Thread: File descriptors in exec'd subprocesses

File descriptors in exec'd subprocesses

From
Thomas Munro
Date:
While investigating code paths that use system() and popen() and
trying to write latch-multiplexing replacements, which I'll write
about separately, leaks of $SUBJECT became obvious.  On a FreeBSD box,
you can see the sockets, pipes and data and WAL files that the
subprocess inherits:

  create table t (x text);
  copy t from program 'procstat -f $$';
  select * from t;

(On Linux, you might try something like 'ls -slap /proc/self/fd'.  Not
sure how to do it on a Mac but note that 'lsof' is no good for this
purpose because the first thing it does is close all descriptors > 2;
maybe 'lsof -p $PPID' inside a shell wrapper so you're analysing the
shell process that sits between postgres and lsof, rather than lsof
itself?)

Since we've started assuming a few other bits of SUSv3 (POSIX 2008)
functionality, the standard that specified O_CLOEXEC, and since in
practice Linux, *BSD, macOS, AIX, Solaris, illumos all have it, I
think we can unconditionally just use it on all files we open.  That
is, if we were to make fallback code, it would be untested, and if we
were to do it with fcntl() always it would be a frequent extra system
call that we don't need to support a computer that doesn't exist.  For
sockets and pipes, much more rarely created, some systems have
non-standard extensions along the same lines, but I guess we should
stick with standards and call fcntl(FD_CLOEXEC) for now.

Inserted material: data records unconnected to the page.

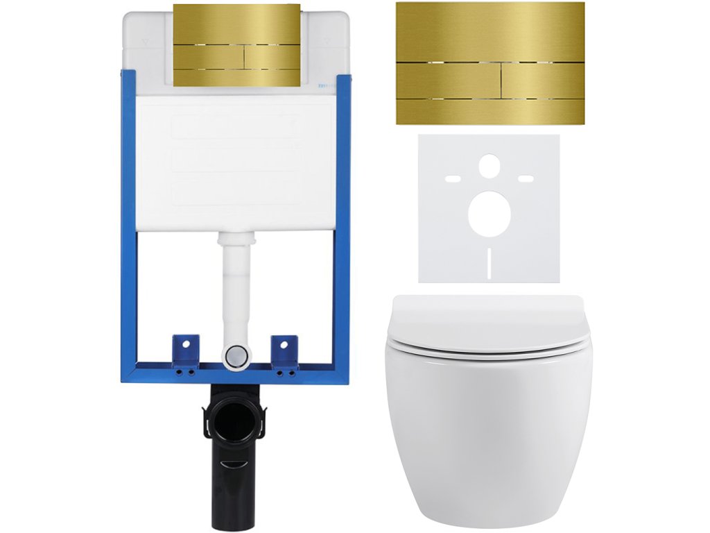 CERANO - Kompletny zestaw WC podtynkowy Lite/Dure - połysk biały - Przycisk WC Line, złoty - do montażu na ścianie - 51,5 x 35 cm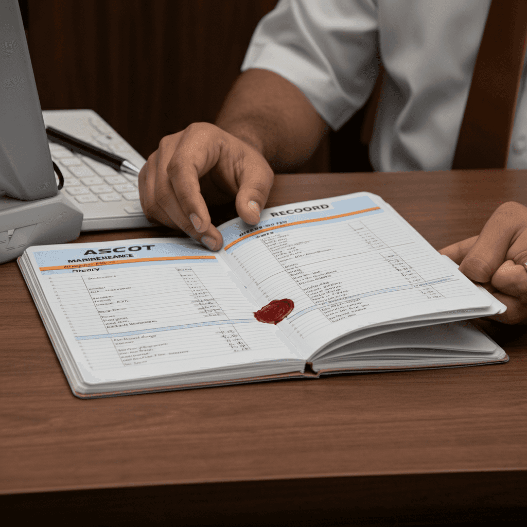アスコットイノーバの整備記録簿に定期点検(12ヶ月・24ヶ月)の履歴が全て記載されていれば「管理の行き届いた車」と高評価。特にエンジンオイル交換履歴は重要で+6~9万円の効果。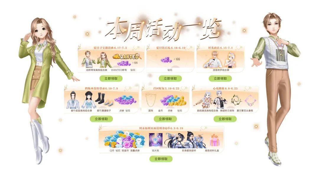 4.6月19日-7月9日参与跨版本连续登录得钻石,点券,服饰套装;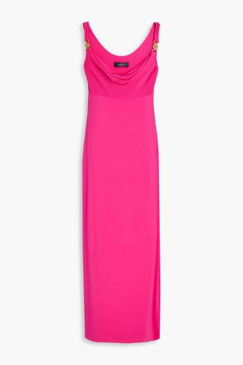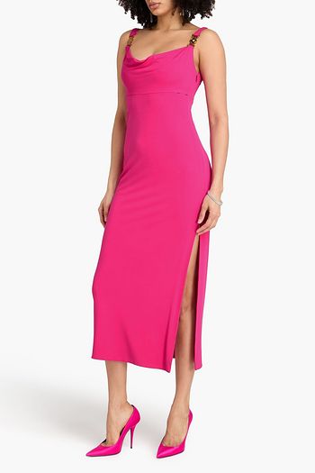 Pleated embellished stretch-cady dress

There is a place in fd.c that already referenced O_CLOEXEC (it wasn't
really using it, just making an assertion that flags don't collide),
with #ifdef around it, but that was only conditional because at the
time of commit 04cad8f7 we had a macOS 10.4 system (released 2005) in
the 'farm which obviously didn't know about POSIX 2008 interfaces.  We
can just remove that #ifdef.  (It's probably OK to remove the test of
O_DSYNC too but I'll think about that another time.)

On Windows, handles, at least as we create them, are not inherited so
the problem doesn't come up AFAICS.  I *think* if we were to use
Windows' own open(), that would be an issue, but we have our own
CreateFile() thing and it doesn't turn on inheritance IIUC.  So I just
gave O_CLOEXEC a zero definition there.  It would be interesting to
know what handles a subprocess sees.  If someone who knows how to
drive Windows could run a subprogram that just does the equivalent of
'sleep 60' they might be able to see that in one of those handle spy
tools, to visually check the above.  (If I'm wrong about that, it
might be possible for a subprocess to interfere with a
ProcSignalBarrier command to close all files, so I'd love to know
about it.)

We were already doing FD_CLOEXEC on the latch self-pipe with comment
"we surely do not want any child processes messing with them", so it's
not like this wasn't a well-known issue before, but I guess it just
never bothered anyone enough to do anything about the more general
problem.

With the attached, the test at the top of this email shows only in,
out, error, and one thing that procstat opened itself.

Are there any more descriptors we need to think about?

Attachment

Re: File descriptors in exec'd subprocesses

From
Thomas Munro
Date:
On Sun, Feb 5, 2023 at 1:00 PM Thomas Munro <thomas.munro@gmail.com> wrote:
> SUSv3 (POSIX 2008)

Oh, oops, 2008 actually corresponds to SUSv4.  Hmm.



Re: File descriptors in exec'd subprocesses

From
Tom Lane
Date:
Thomas Munro <thomas.munro@gmail.com> writes:
> On Sun, Feb 5, 2023 at 1:00 PM Thomas Munro <thomas.munro@gmail.com> wrote:
>> SUSv3 (POSIX 2008)

> Oh, oops, 2008 actually corresponds to SUSv4.  Hmm.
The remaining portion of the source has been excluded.